GOOD AFTERNOON!! Chanukah begins on Saturday night and lasts for 8 days. Please remember our Light up a Life volunteering programme. We have partnered with over 100 charitable projects in need of volunteers during the holidays. And we really need more people to sign up. Please sign up via this link if you are around and if you know others, or you are able to send the information around your email lists, please do so. It’s an opportunity to do something really meaningful over the holidays.

This is a little push for my ‘Daily Davar’. I send out a Davar every weekday that is very short and (in my mind at least!) quite sweet. Most people on this list are not on that list, so please feel free to sign up here. I keep it down to less than 80 words, which you can read in approximately 15 seconds. Here is an example.....

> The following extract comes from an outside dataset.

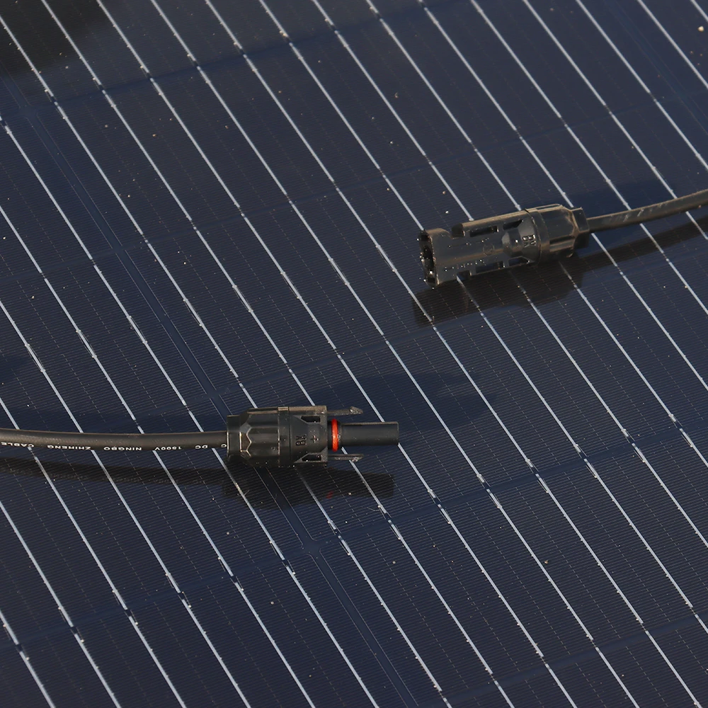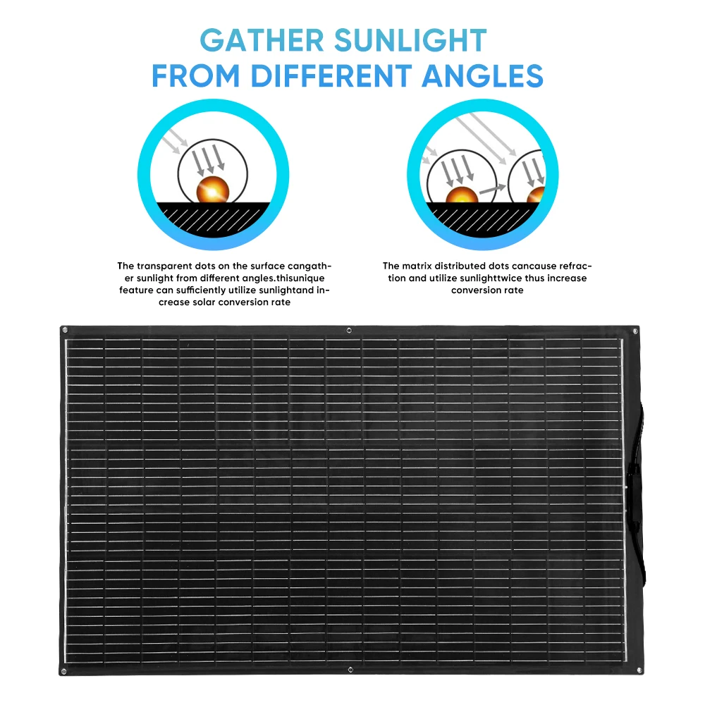 [Ultra-light and Flexible] A single solar panel weighs only 5.07 pounds and is only 0.098 inch thick. It can be easily picked up and carried. The solar panel be bent up to 260°. Ideal for mounting on RV ,roofs, campers, trailers, boats, cabins, tents, and other uneven surfaces.

( ‘Were it not for jealousy, the world would not be established’. (Midrash Tehillim 37:1) The desire to have what others have is not bad; it encourages endeavour. The problem arises not when we want what others have, rather when we want them not to have it themselves.)

Torah Portion

This is the famous story and Joseph and his brothers selling him into slavery in Egypt. Favouritism, jealousy, passion, lust and betrayal. It’s all in there with much, much more. Well worth a read.

Davar Torah
Some guys have all the luck

‘Good guys never win’ is an old saying, but Judaism believes the opposite – if you do the right thing, you won’t lose out.

However, one could be forgiven for disbelieving this based on the events of this week’s portion. Joseph is the classical good guy and he ALWAYS does the right thing. He rebukes his brothers to try to point out their shortcomings; then he goes, without protest, to deliver them a message from his father, in spite of his knowledge that they hate him and probably want to hurt him. For his efforts to do the right thing, he is sold as a slave to Egypt. Things take a turn for the better and he rises to a position of responsibility in his master’s home. But his master’s wife tries to seduce him and once again he does the right thing. And for an incredible show of moral courage – he is thrown into the deepest darkest prison in all of Egypt.

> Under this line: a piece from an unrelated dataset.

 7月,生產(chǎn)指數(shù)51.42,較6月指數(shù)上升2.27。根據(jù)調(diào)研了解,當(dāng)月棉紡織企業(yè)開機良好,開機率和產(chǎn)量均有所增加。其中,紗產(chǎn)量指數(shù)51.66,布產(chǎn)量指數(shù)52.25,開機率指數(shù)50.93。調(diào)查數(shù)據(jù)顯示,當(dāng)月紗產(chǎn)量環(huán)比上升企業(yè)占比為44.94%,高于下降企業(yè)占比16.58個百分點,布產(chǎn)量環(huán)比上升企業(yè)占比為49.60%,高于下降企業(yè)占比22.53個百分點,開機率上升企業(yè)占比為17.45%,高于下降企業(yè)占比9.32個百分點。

Its seems like the good guy once again has lost.

But hold on a minute; fast forward a few years. Joseph becomes the most powerful man in Egypt and hence the world. He has wealth beyond his imagination, honour to the skies and he saves the whole of Egypt from starvation. He is reconciled with his family and lives happily ever after, a hero of Jewish history.

So the good guy did win after all and here’s my point.

It is my firm belief that whilst good guys might not win straight away, they are the ones who ultimately end up at the top of the pile.

Being honest in business might lose you the odd contract or two, perhaps even some big ones. Business/career might take time, perhaps a long time, to get going. And others might seem to be doing better in spite of their lack of values. But ultimately, people will come to respect you and trust you and it will be your business that is successful in the long run.

Rewarding employees with generosity might mean less profits for the business in the short term, but it will mean more loyal and more committed employees and will pay dividends in the long run.

Being faithful to a marriage might mean it seems like you are missing out on all the fun and adventure that others around you are having – especially if you believe what Hollywood would have us believe. But you have a relationship of meaning and value for eternity. You are the one who wins.

Good guys do win; maybe not right away and maybe that means some of them give up and so they don’t win. But struggling to be good and struggling to maintain that goodness through thick and thin is ultimately the source of our success in this world. Bending the ethical and moral rules of the world might bring short term results – but in the long term, goodness prevails.

With Joseph, it took many years. But he stuck with it and won big time. Do the right thing and you don’t lose out. It may not pay immediate dividends, but in my mind there is no better long term investment.